Description of the task = Once the images are set aside, write out the rest of the records exactly.

(Stored dataset items)
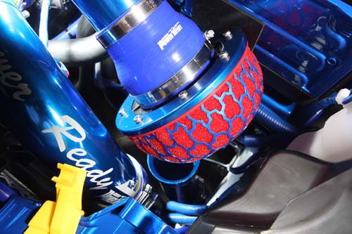 | 套件採用鮮明的藍色塗裝是長明的特色,從車頭水箱罩內的進氣冷卻器就可看出端倪,彷彿就在宣告不要輕易挑釁。 |
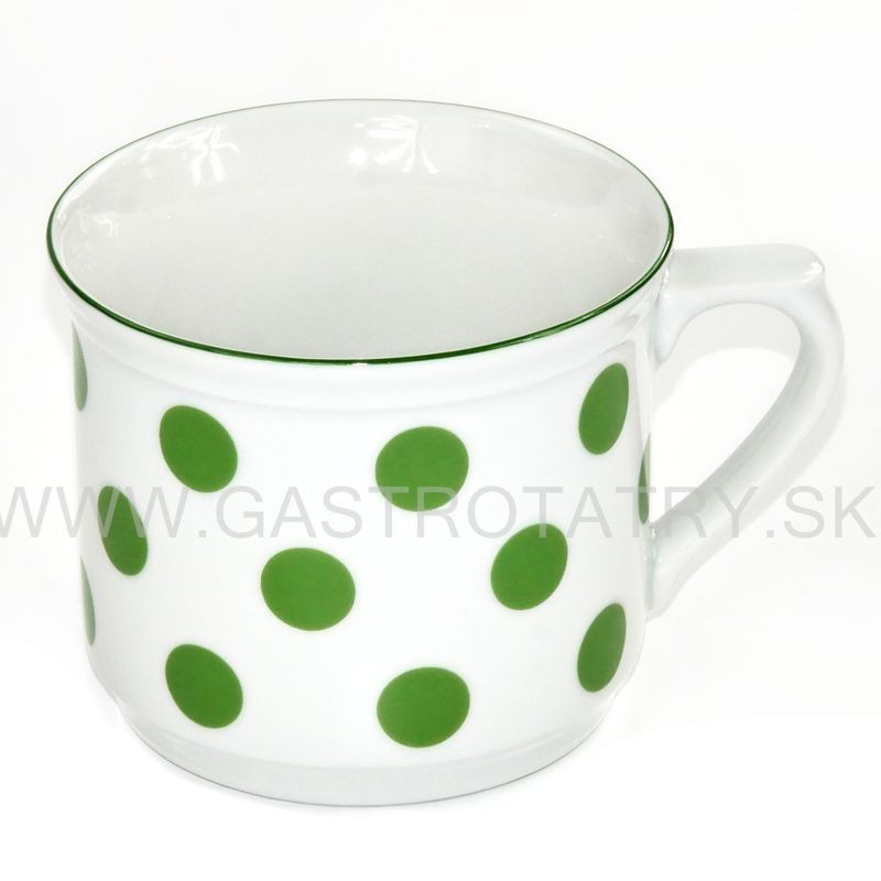 Karlovarský porcelán - Hrnček varak - zelené bodky. Priemer: 113 mm, výška: 95 mm, objem: 630 ml. Vysoká kvalita a osobitý dizajn vychádzajúci z 220-ročnej tradície zaručujú vysoký užívateľský štandard pre všetky druhy zákazníkov.
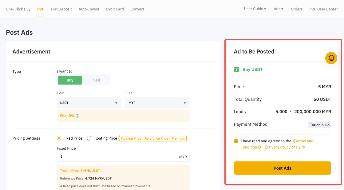 Представляем пошаговое руководство, которое поможет вам, как мерчанту, опубликовать ваше первое P2P- объявление на Bybit.
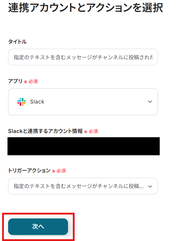 タイトルと連携するアカウント情報を確認し、アクションはテンプレート通りのまま「次へ」をクリックして進んでください。
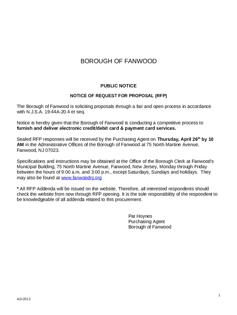 Instructions for the NOTICE OF REQUEST FOR PROPOSAL (RFP) - Borough of Fanwood form
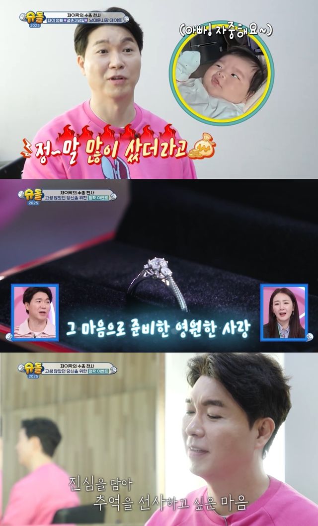 그런 가운데 이날 박수홍은 김다예를 위한 서프라이즈 이벤트를 준비해 감동ㅇ르 자아냈다. 그는 꽃을 들고 결혼식 당시 틀었던 노래를 부르며 리마인드 프러포즈를 해 눈길을 끌었다.
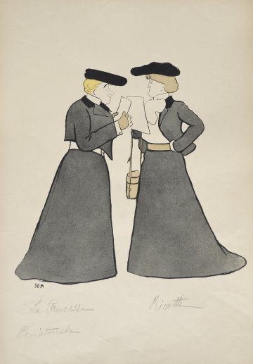Georges Goursat (1863 – 1934) was a French caricaturist known as “Sem.” In 1888 Goursat self published three albums of caricatures, signing them “SEM.” It is thought that this was in tribute to the early 19th century French caricaturist and lithographer Charles Amédée de Noé, who signed his caricatures for the periodical “Le Monde Illustré”as “Cham.”
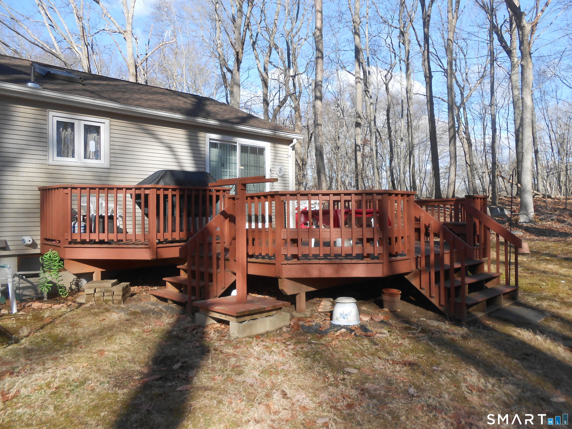 Spacious Split level home with deck, open porch and patio overlooking large, level lot.
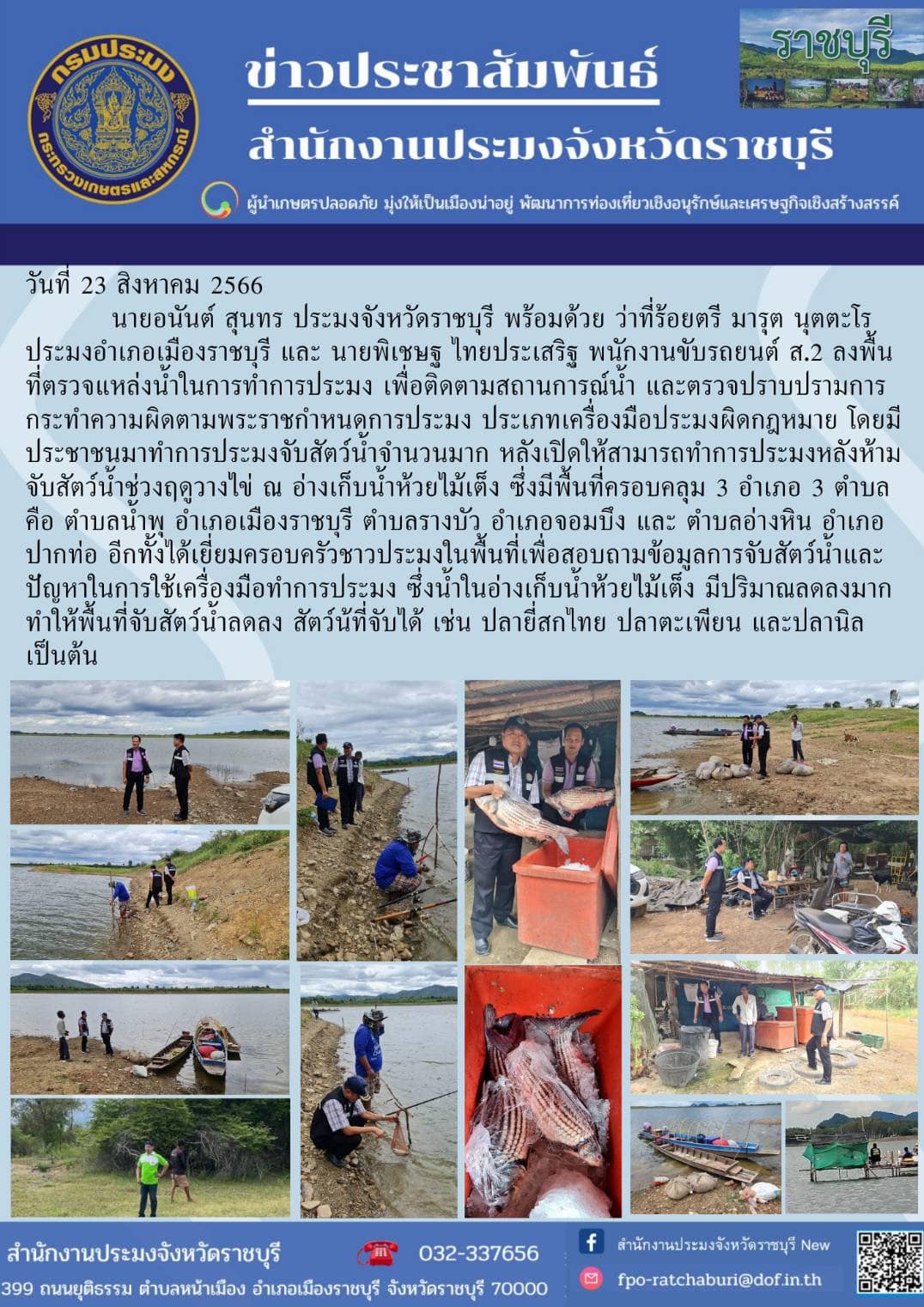 วันที่ 23 สิงหาคม 2566 นายอนันต์ สุนทร ประมงจังหวัดราชบุรี พร้อมด้วย ว่าที่ร้อยตรี มารุต นุตตะโร ประมงอำเภอเมืองราชบุรี และ นายพิเชษฐ ไทยประเสริฐ พนักงานขับรถยนต์ ส.2 ลงพื้นที่ตรวจแหล่งน้ำในการทำการประมง เพื่อติดตามสถานการณ์น้ำ และตรวจปราบปรามการกระทำความผิดตามพระราชกำหนดการประมง ประเภทเครื่องมือประมงผิดกฎหมาย โดยมีประชาชนมาทำการประมงจับสัตว์น้ำจำนวนมาก หลังเปิดให้สามารถทำการประมงหลังห้ามจับสัตว์น้ำช่วงฤดูวางไข่ ณ อ่างเก็บน้ำห้วยไม้เต็ง ซึ่งมีพื้นที่ครอบคลุม 3 อำเภอ 3 ตำบล คือ ตำบลน้ำพุ อำเภอเมืองราชบุรี ตำบลรางบัว อำเภอจอมบึง และ ตำบลอ่างหิน อำเภอปากท่อ อีกทั้งได้เยี่ยมครอบครัวชาวประมงในพื้นที่เพื่อสอบถามข้อมูลการจับสัตว์น้ำและปัญหาในการใช้เครื่องมือทำการประมง ซึ่งน้ำในอ่างเก็บน้ำห้วยไม้เต็ง มีปริมาณลดลงมาก ทำให้พื้นที่จับสัตว์น้ำลดลง สัตว์น้ำที่จับได้ เช่น ปลายี่สกไทย ปลาตะเพียน และปลานิล เป็นต้น

Written response =
 | 套件採用鮮明的藍色塗裝是長明的特色,從車頭水箱罩內的進氣冷卻器就可看出端倪,彷彿就在宣告不要輕易挑釁。 |
 Karlovarský porcelán - Hrnček varak - zelené bodky. Priemer: 113 mm, výška: 95 mm, objem: 630 ml. Vysoká kvalita a osobitý dizajn vychádzajúci z 220-ročnej tradície zaručujú vysoký užívateľský štandard pre všetky druhy zákazníkov.
 Представляем пошаговое руководство, которое поможет вам, как мерчанту, опубликовать ваше первое P2P- объявление на Bybit.
 タイトルと連携するアカウント情報を確認し、アクションはテンプレート通りのまま「次へ」をクリックして進んでください。
 Instructions for the NOTICE OF REQUEST FOR PROPOSAL (RFP) - Borough of Fanwood form
 그런 가운데 이날 박수홍은 김다예를 위한 서프라이즈 이벤트를 준비해 감동ㅇ르 자아냈다. 그는 꽃을 들고 결혼식 당시 틀었던 노래를 부르며 리마인드 프러포즈를 해 눈길을 끌었다.
Georges Goursat (1863 – 1934) was a French caricaturist known as “Sem.” In 1888 Goursat self published three albums of caricatures, signing them “SEM.” It is thought that this was in tribute to the early 19th century French caricaturist and lithographer Charles Amédée de Noé, who signed his caricatures for the periodical “Le Monde Illustré”as “Cham.”
 Spacious Split level home with deck, open porch and patio overlooking large, level lot.
 วันที่ 23 สิงหาคม 2566 นายอนันต์ สุนทร ประมงจังหวัดราชบุรี พร้อมด้วย ว่าที่ร้อยตรี มารุต นุตตะโร ประมงอำเภอเมืองราชบุรี และ นายพิเชษฐ ไทยประเสริฐ พนักงานขับรถยนต์ ส.2 ลงพื้นที่ตรวจแหล่งน้ำในการทำการประมง เพื่อติดตามสถานการณ์น้ำ และตรวจปราบปรามการกระทำความผิดตามพระราชกำหนดการประมง ประเภทเครื่องมือประมงผิดกฎหมาย โดยมีประชาชนมาทำการประมงจับสัตว์น้ำจำนวนมาก หลังเปิดให้สามารถทำการประมงหลังห้ามจับสัตว์น้ำช่วงฤดูวางไข่ ณ อ่างเก็บน้ำห้วยไม้เต็ง ซึ่งมีพื้นที่ครอบคลุม 3 อำเภอ 3 ตำบล คือ ตำบลน้ำพุ อำเภอเมืองราชบุรี ตำบลรางบัว อำเภอจอมบึง และ ตำบลอ่างหิน อำเภอปากท่อ อีกทั้งได้เยี่ยมครอบครัวชาวประมงในพื้นที่เพื่อสอบถามข้อมูลการจับสัตว์น้ำและปัญหาในการใช้เครื่องมือทำการประมง ซึ่งน้ำในอ่างเก็บน้ำห้วยไม้เต็ง มีปริมาณลดลงมาก ทำให้พื้นที่จับสัตว์น้ำลดลง สัตว์น้ำที่จับได้ เช่น ปลายี่สกไทย ปลาตะเพียน และปลานิล เป็นต้น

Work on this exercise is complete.